Sadly though, while Majima is all good fun, there are a few odd side stories that feel very uncomfortable. Sadly, there was one mission where the story boiled down to ‘Oh, aren’t trans/genderfluid people so weird, how can you understand such people ha-ha’ and essentially forced me into a fight that for Kiryu was totally out of character and seemed really mean-spirited, invoking the idea that trans-women are trying to pull some kind of trick on people. This myth that has caused friends of mine such pain in their lives really seems a bit out of place, especially in the more comedic side stories. It’s like if in the middle of Sesame Street Grover sat down to talk about how Elmo really should get circumcised now while he is young.
But when it comes down to the fighting that you, Kiryu, will be spending about half the time doing, Kiwami is a mile more impressive than the original. Mainly because it is now possible to have Kiryu fight a whole bunch of people in a climactic showdown without it being a slow painful slog even when everything is going your way. Get into the right rhythm in Kiwami and Kiryu becomes Sonny Chiba reborn as he grabs the head of the last mook in the room and smashes it through the door into the next area full of more dudes to fight.

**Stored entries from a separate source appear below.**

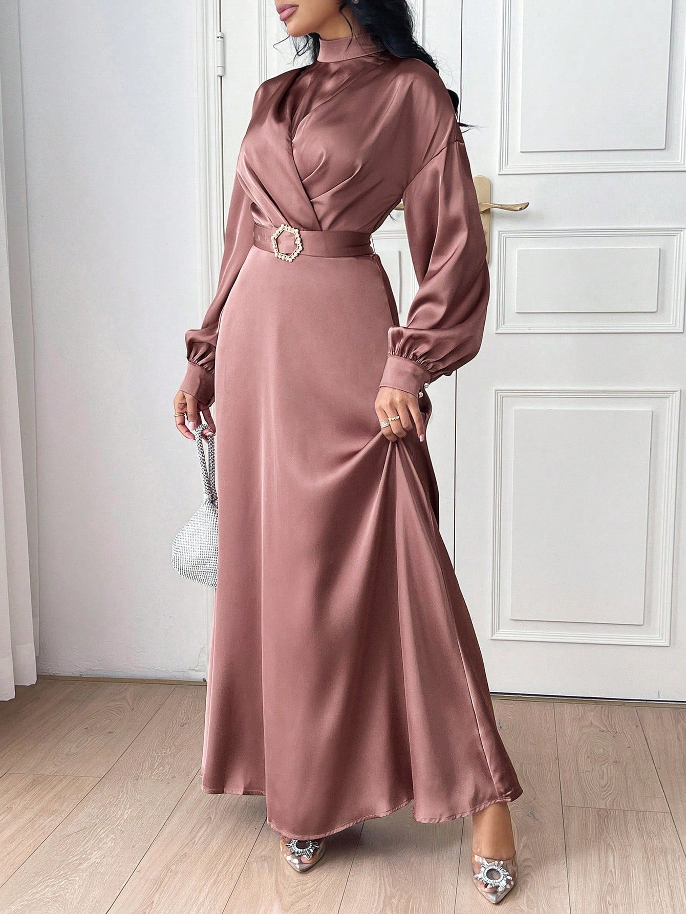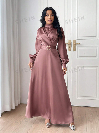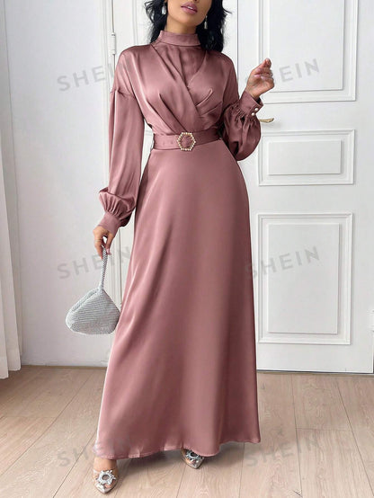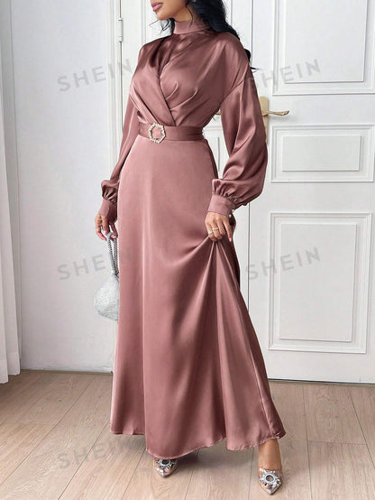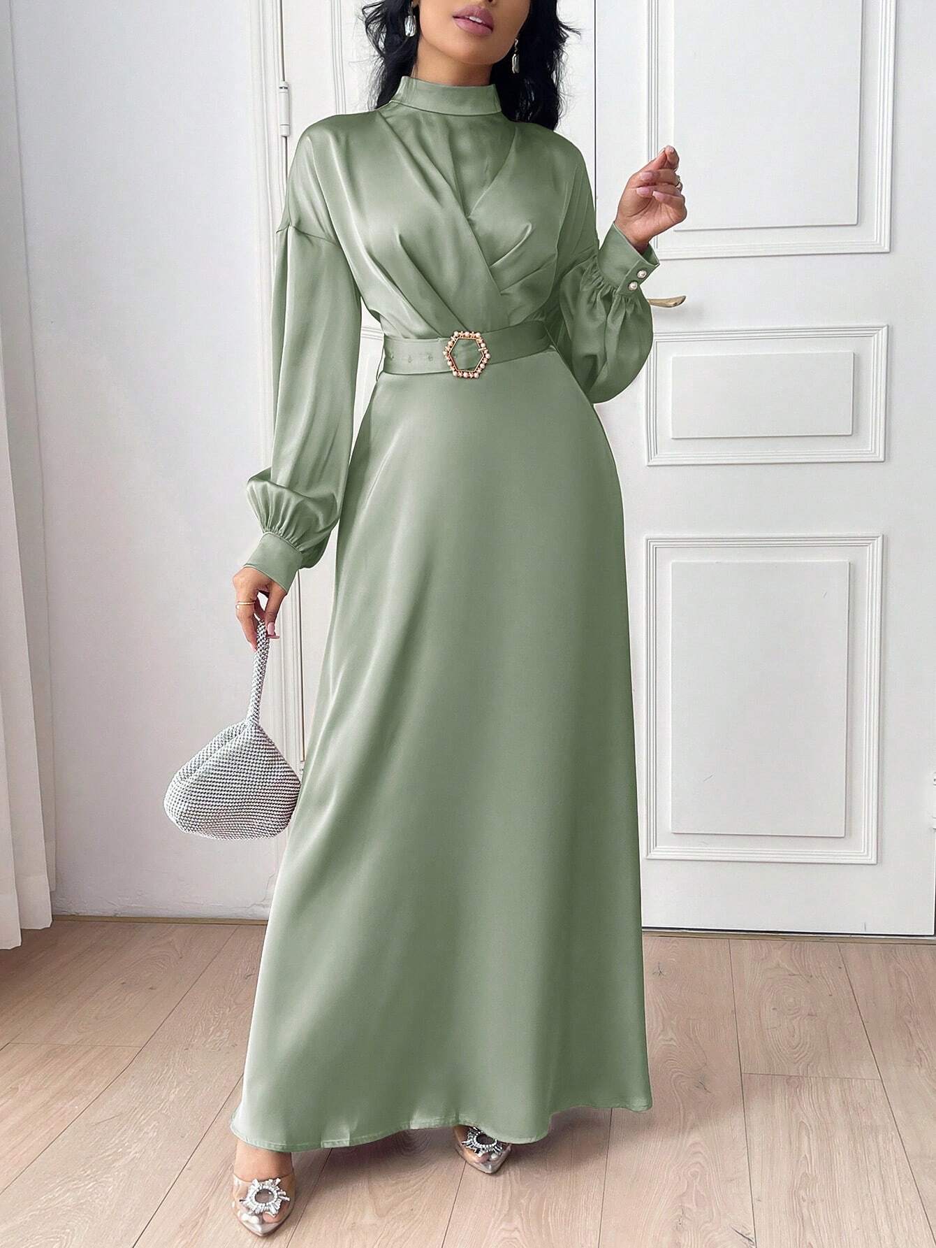 Modely Women Elegant Solid Color Lantern Sleeve Buckle Waist Dress,Elegant Evening Party Maxi Dress
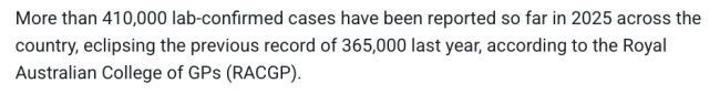 根据官方数据显示,澳洲流感感染人数已经超过41万人,再次创下新纪录!比去年的36.5万上涨了10%以上!
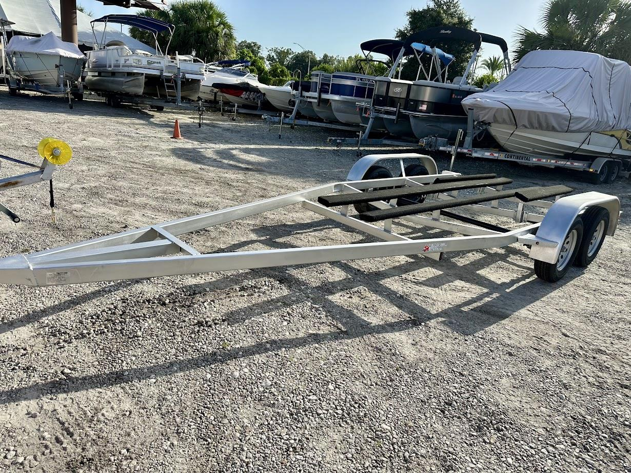 3 trailers without wheels are stacked on one trailer for transport. Transporter must supply own straps for securing the load. 12 trailer tires will travel loosely with the load.
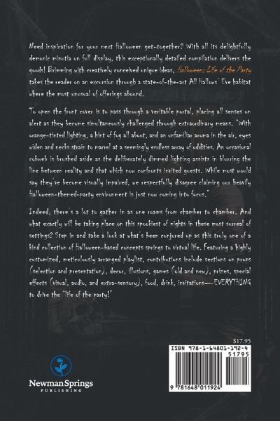 Need inspiration for your next Halloween get-together? With all its delightfully demonic minutia on full display, this exceptionally detailed compilation delivers the goods! Brimming with creatively conceived unique ideas, Halloween: Life of the Party takes the reader on an excursion through a state-of-the-art All Hallows’ Eve habitat where the most unusual of offerings abound. To open the front cover is to pass through a veritable portal, placing all senses on alert as they become simultaneously challenged through extraordinary means. "With orange-tinted lighting, a hint of fog all about, and an unfamiliar aroma in the air, eyes widen and necks strain to marvel at a seemingly endless array of oddities. An occasional cobweb is brushed aside as the deliberately dimmed lighting assists in blurring the line between reality and that which now confronts invited guests. While most would say they’ve become visually impaired, we respectfully disagree claiming our heavily Halloween-themed-party environment is just now coming into focus." Indeed, there’s a lot to gather in as one roams from chamber to chamber. And what exactly will be taking place on this spookiest of nights in these most surreal of settings? Step in and take a look at what’s been conjured up as this truly one of a kind collection of Halloween-based concepts springs to virtual life. Featuring a highly customized, meticulously arranged playlist, contributions include sections on props (selection and presentation), decor, illusions, games (old and new), prizes, special effects (visual, audio, and extra-sensory), food, drink, invitations—EVERYTHING to drive the "life of the party!"

It can get a bit weird that in a plot of interconnected Yakuza families robbing and conning each other in increasingly complex backstabbing, the only thing the player as Kiryu does is go to the right place and beat up the right people, everyone currently standing. But it works in Yakuza games because these increasingly bizarre crime plots and even more bizarre characters add emotional stakes to every fool that stands in your way after you just broke his mate’s kneecaps. Yakuza uses this to make nearly every big fight at the end of a chapter have the weight of a final boss and the final boss itself something that lesser games would spend a trilogy to build to.

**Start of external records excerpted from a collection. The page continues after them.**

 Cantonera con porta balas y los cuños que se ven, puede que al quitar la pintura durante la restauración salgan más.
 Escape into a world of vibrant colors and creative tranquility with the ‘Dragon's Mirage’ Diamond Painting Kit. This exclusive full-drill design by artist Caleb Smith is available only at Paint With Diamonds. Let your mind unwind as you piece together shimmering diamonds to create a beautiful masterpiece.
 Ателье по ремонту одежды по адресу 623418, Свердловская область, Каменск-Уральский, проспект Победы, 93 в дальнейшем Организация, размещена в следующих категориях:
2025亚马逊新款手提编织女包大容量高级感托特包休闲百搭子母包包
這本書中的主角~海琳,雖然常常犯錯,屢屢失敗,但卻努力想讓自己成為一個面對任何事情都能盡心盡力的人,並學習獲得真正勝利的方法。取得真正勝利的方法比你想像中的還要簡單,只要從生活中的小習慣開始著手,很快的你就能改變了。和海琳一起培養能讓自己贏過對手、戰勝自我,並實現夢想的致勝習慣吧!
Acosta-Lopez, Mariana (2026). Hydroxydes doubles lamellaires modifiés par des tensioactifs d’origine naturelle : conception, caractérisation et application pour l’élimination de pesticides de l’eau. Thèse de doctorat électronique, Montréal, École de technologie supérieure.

In the end, despite some clear and unfortunate flaws and the fact that it cannot match the synergy of the story that Yakuza 0 managed, Yakuza Kiwami cannot top its siblings as a whole experience. But as a remake of the first Yakuza game, this is an absolutely essential piece of media. It reforges the first game’s story in the engine of the more recent games and makes it possible to enjoy the first adventure of Kazuma Kiryu as it feels like it was meant to be experienced.
Yakuza Kiwami has really brought me back into loving the Yakuza series again by remaking the very game that made me drop it. Now that is exactly what a remake should do. Now I’m really looking forward to the sixth game and the remake of the second. In the meantime, I shall catch up on all that I have missed.